## Provided data
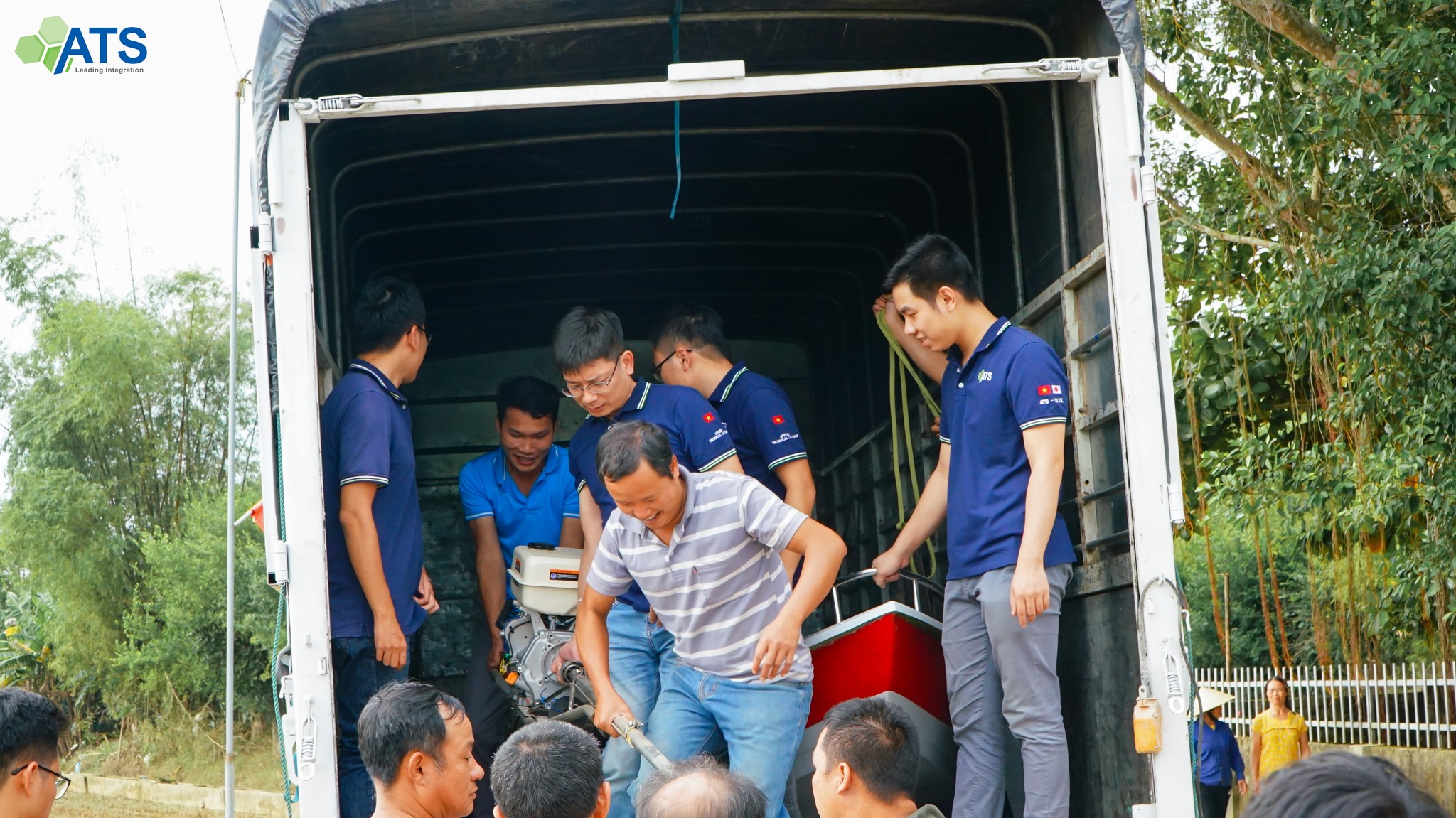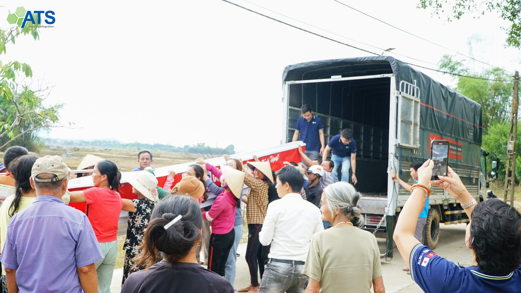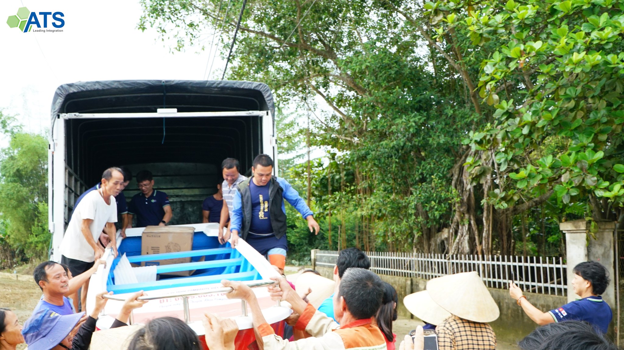 Đồng cảm cùng người dân vùng lũ và mong muốn được chung tay giúp sức cộng đồng, ngày 11/10 vừa qua, các thành viên ATS đã có mặt tại vùng rốn lũ Thanh Chương, Nghệ An để tiếp tục hành trình chia sẻ yêu thương của mình. Với đóng góp từ phía công ty cũng như các thành viên, đoàn tình nguyện của ATS đã trao tặng hơn 100 suất quà gồm thuốc và tiền mặt tới những gia đình khó khăn hỗ trợ quá trình khắc phục hậu quả bão lũ. Nhìn những nụ cười, những gương mặt hân hoan của người dân địa phương khi nhận chiếc thuyền, những lời cảm ơn, cái vẫy chào tạm biệt, niềm vui khi được sẻ chia yêu thương ngập tràn trong trái tim các thành viên ATS.
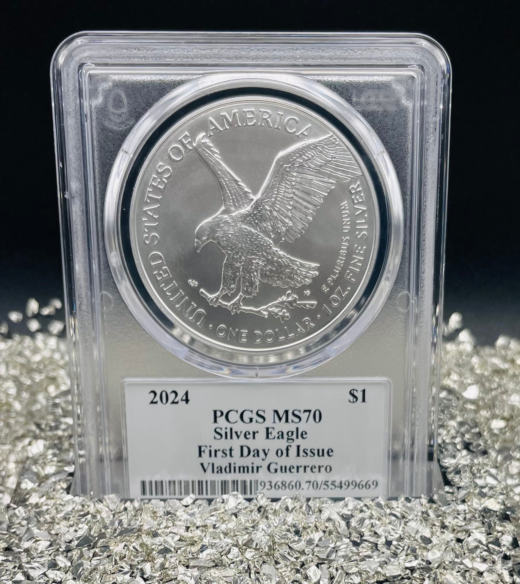 2024 $1 American Silver Eagle PCGS MS70 FDOI Legends of Life MLB Hall of Fame Vladimir Guerrero Signed Label Mint Condition (Rare 1 of 15)
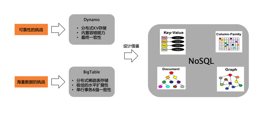 Dynamo 和 BigTable 都是为了解决各自业务场景所遇到的数据挑战而提出的,两者都有着丰富的设计思路和技术实现。这些设计和实现为后续的很多 NoSQL 产品所借鉴,并经常搭配使用,从而解决业务场景的各种挑战。例如 HBase 借鉴了 BigTable 的数据模型、Cassandra 借鉴了 BigTable 的数据模型和 Dynamo 的分布式设计。
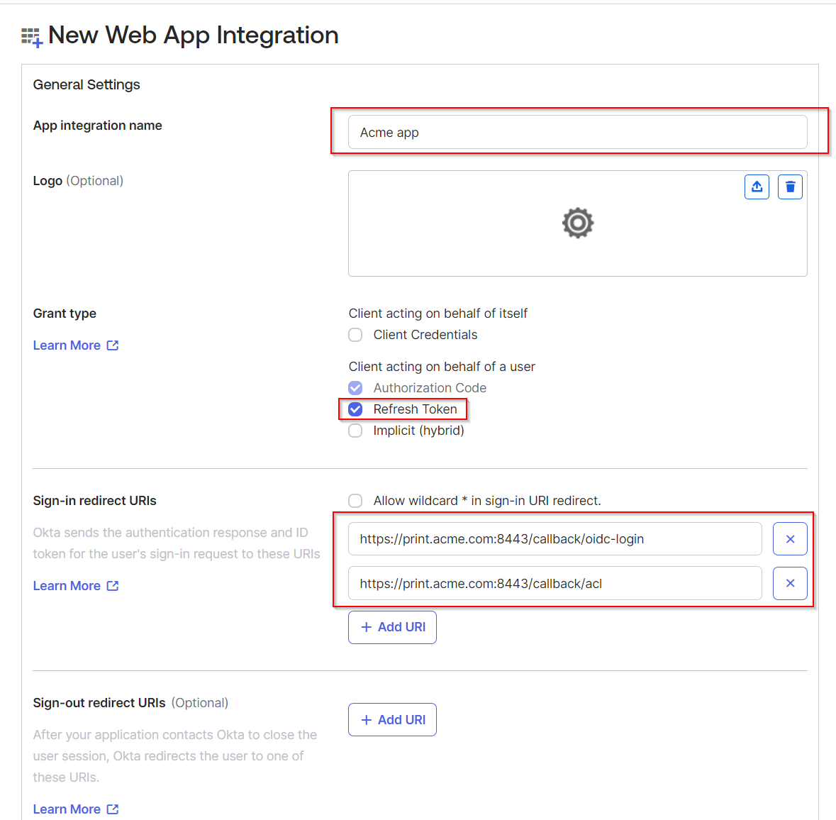 Callback domain for custom application – Select from the list of available domains the one that you defined in OKTA administration UI as Sign-in redirect URIs. In the above example, it was print.acme.com.
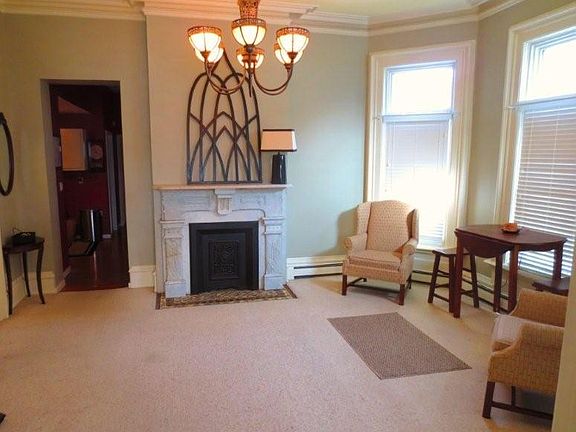 Gorgeous, 1st flr, Victorian condo with tons of RECENT UPDATES & ''OLD WORLD'' CHARM! New weathered grey wide plank vinyl flrs, laminate counters & stainless steel Samsung electric oven/range & LG refrigerator in KIT. New vanity in BA. Tiled shower-over-tub. New 6-panel doors. New carpet. Fresh light grey paint throughout. (2) carved marble ornamental fireplaces (not operational). 10' ceilings w/ elaborate crown moulding & 1' base trim in LR & FR. Grand arched entry door. 1 surface parking space + storage incl. (3) window A/C units. Coin operated W/D in basement. NO DOGS. Up to (2) cats OK. Condo fee incl. heat & utilities. Steps to Brady St., East Pointe Marketplace & Water St. restaurants, shops & conveniences. Prepare to fall in love with this condo instantly!
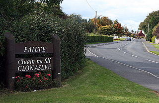 Clonaslee (Irish: Cluain na Slí)[1] is a village in north County Laois, Ireland, situated in the foothills of the Slieve Bloom Mountains on the R422 Mountmellick to Birr road. Clonaslee is approximately 100 km west of Dublin, and is close to the towns of Portlaoise and Tullamore.
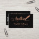 Eine elegante Visitenkarte auf schwarzem Hintergrund und eine goldene Feder in der Rose. Elegantes handgeschriebenes Stilskript. Personalisieren Sie Ihren Namen, Titel, Kontaktdaten und Ihren eigenen QR-Code und fügen Sie ihn Ihrer Website-Adresse hinzu.
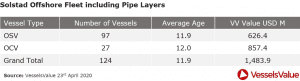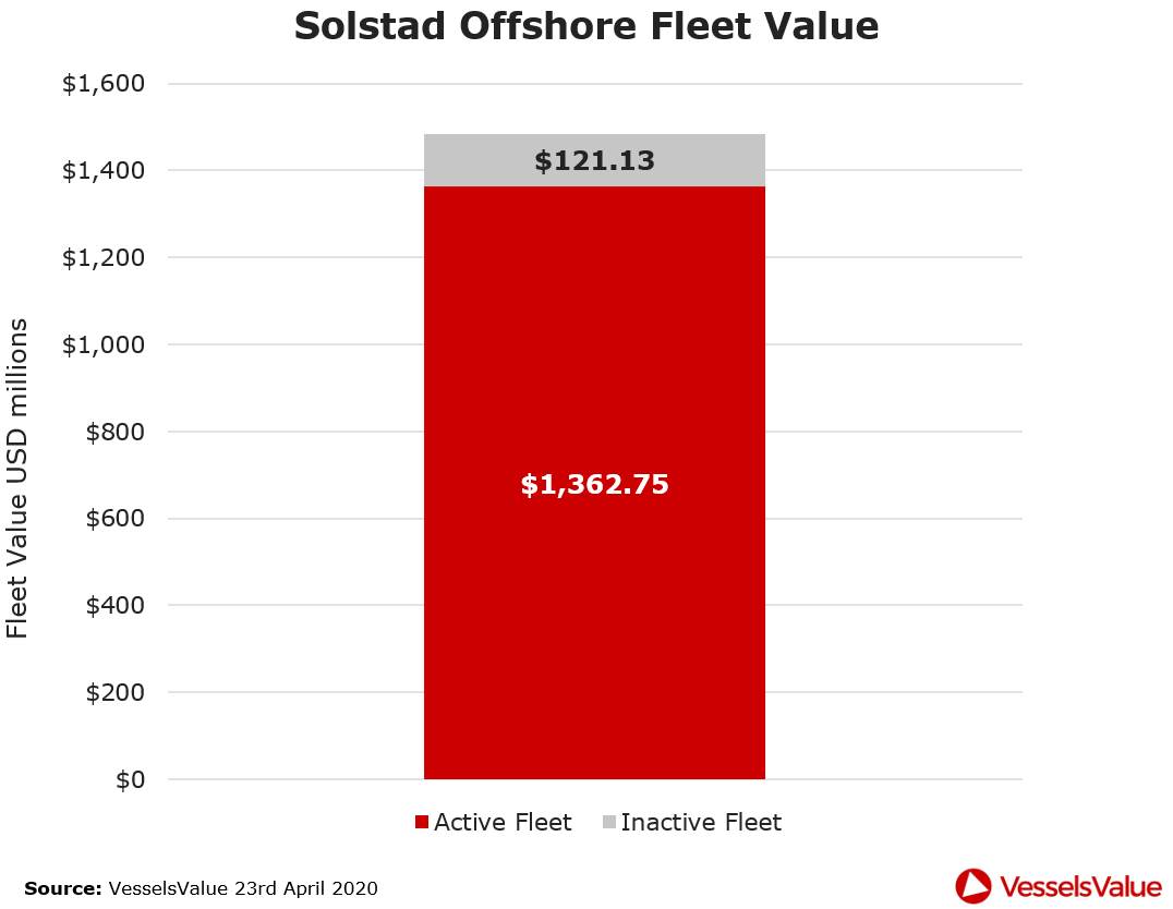 On the 31st March 2020 Solstad Offshore announced they has entered financial restructuring, citing Covid 19 and the continued poor Offshore market conditions. Such a large Norwegian Offshore owner entering restructuring is an important milestone for the sector. As of 23rd April 2020 VesselsValue values the Solstad fleet at USD 1,483.9 bil. See below table.

## Task
Write out exactly the run of lines above that starts at the line containing "Callback domain for" and ends at the line containing "Eine elegante Visitenkarte". Include both, and leave the pictures out.

## Response for this exercise
 Callback domain for custom application – Select from the list of available domains the one that you defined in OKTA administration UI as Sign-in redirect URIs. In the above example, it was print.acme.com.
 Gorgeous, 1st flr, Victorian condo with tons of RECENT UPDATES & ''OLD WORLD'' CHARM! New weathered grey wide plank vinyl flrs, laminate counters & stainless steel Samsung electric oven/range & LG refrigerator in KIT. New vanity in BA. Tiled shower-over-tub. New 6-panel doors. New carpet. Fresh light grey paint throughout. (2) carved marble ornamental fireplaces (not operational). 10' ceilings w/ elaborate crown moulding & 1' base trim in LR & FR. Grand arched entry door. 1 surface parking space + storage incl. (3) window A/C units. Coin operated W/D in basement. NO DOGS. Up to (2) cats OK. Condo fee incl. heat & utilities. Steps to Brady St., East Pointe Marketplace & Water St. restaurants, shops & conveniences. Prepare to fall in love with this condo instantly!
 Clonaslee (Irish: Cluain na Slí)[1] is a village in north County Laois, Ireland, situated in the foothills of the Slieve Bloom Mountains on the R422 Mountmellick to Birr road. Clonaslee is approximately 100 km west of Dublin, and is close to the towns of Portlaoise and Tullamore.
 Eine elegante Visitenkarte auf schwarzem Hintergrund und eine goldene Feder in der Rose. Elegantes handgeschriebenes Stilskript. Personalisieren Sie Ihren Namen, Titel, Kontaktdaten und Ihren eigenen QR-Code und fügen Sie ihn Ihrer Website-Adresse hinzu.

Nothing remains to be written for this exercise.